Segment Open

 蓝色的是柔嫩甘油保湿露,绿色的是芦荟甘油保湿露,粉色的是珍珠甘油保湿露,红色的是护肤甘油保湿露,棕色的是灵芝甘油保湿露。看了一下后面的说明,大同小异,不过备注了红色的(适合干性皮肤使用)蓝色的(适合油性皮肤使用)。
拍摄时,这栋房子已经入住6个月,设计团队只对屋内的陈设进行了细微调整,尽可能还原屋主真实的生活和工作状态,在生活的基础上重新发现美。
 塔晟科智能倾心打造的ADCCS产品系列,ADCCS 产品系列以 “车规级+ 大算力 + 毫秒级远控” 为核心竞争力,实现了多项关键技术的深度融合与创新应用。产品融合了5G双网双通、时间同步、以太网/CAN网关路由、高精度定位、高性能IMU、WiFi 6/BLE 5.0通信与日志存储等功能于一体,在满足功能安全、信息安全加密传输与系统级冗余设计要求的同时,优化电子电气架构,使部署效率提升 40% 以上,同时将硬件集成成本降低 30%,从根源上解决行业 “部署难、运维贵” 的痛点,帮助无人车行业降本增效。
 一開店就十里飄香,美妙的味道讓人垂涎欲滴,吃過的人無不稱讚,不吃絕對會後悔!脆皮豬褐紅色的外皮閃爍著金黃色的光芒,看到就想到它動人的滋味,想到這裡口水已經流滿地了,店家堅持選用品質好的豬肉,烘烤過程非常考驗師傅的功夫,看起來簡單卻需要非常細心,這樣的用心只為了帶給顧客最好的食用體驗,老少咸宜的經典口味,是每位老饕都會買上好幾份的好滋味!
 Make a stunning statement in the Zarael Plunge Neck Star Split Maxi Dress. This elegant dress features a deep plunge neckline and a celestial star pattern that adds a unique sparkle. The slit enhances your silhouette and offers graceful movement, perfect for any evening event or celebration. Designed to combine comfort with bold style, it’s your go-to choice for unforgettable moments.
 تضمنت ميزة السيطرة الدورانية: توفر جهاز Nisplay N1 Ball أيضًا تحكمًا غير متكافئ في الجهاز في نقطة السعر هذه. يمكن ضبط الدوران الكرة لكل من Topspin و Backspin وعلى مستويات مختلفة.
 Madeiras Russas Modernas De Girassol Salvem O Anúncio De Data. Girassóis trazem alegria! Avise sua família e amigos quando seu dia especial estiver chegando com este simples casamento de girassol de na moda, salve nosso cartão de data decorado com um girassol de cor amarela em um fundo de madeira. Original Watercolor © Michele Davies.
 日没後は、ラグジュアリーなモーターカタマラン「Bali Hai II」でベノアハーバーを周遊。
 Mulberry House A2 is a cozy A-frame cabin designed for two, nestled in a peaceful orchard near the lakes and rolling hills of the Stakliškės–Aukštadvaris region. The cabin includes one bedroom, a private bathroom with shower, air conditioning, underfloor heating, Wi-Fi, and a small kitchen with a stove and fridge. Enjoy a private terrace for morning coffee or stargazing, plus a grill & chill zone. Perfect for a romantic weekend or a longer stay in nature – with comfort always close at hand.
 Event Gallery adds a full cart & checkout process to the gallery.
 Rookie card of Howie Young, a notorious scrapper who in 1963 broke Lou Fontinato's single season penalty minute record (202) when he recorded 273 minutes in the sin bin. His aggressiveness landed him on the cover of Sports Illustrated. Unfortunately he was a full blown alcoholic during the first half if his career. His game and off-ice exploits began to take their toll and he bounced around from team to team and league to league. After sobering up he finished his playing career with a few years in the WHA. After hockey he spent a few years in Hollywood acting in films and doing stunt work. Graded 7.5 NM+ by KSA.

Segment Closed

§ **WORK TO COMPLETE**:
In the records above, locate the line that contains "Event Gallery adds". Repeat it and every line after it, exactly, and nothing else.

§ **ANSWER SPACE**:
 Event Gallery adds a full cart & checkout process to the gallery.
 Rookie card of Howie Young, a notorious scrapper who in 1963 broke Lou Fontinato's single season penalty minute record (202) when he recorded 273 minutes in the sin bin. His aggressiveness landed him on the cover of Sports Illustrated. Unfortunately he was a full blown alcoholic during the first half if his career. His game and off-ice exploits began to take their toll and he bounced around from team to team and league to league. After sobering up he finished his playing career with a few years in the WHA. After hockey he spent a few years in Hollywood acting in films and doing stunt work. Graded 7.5 NM+ by KSA.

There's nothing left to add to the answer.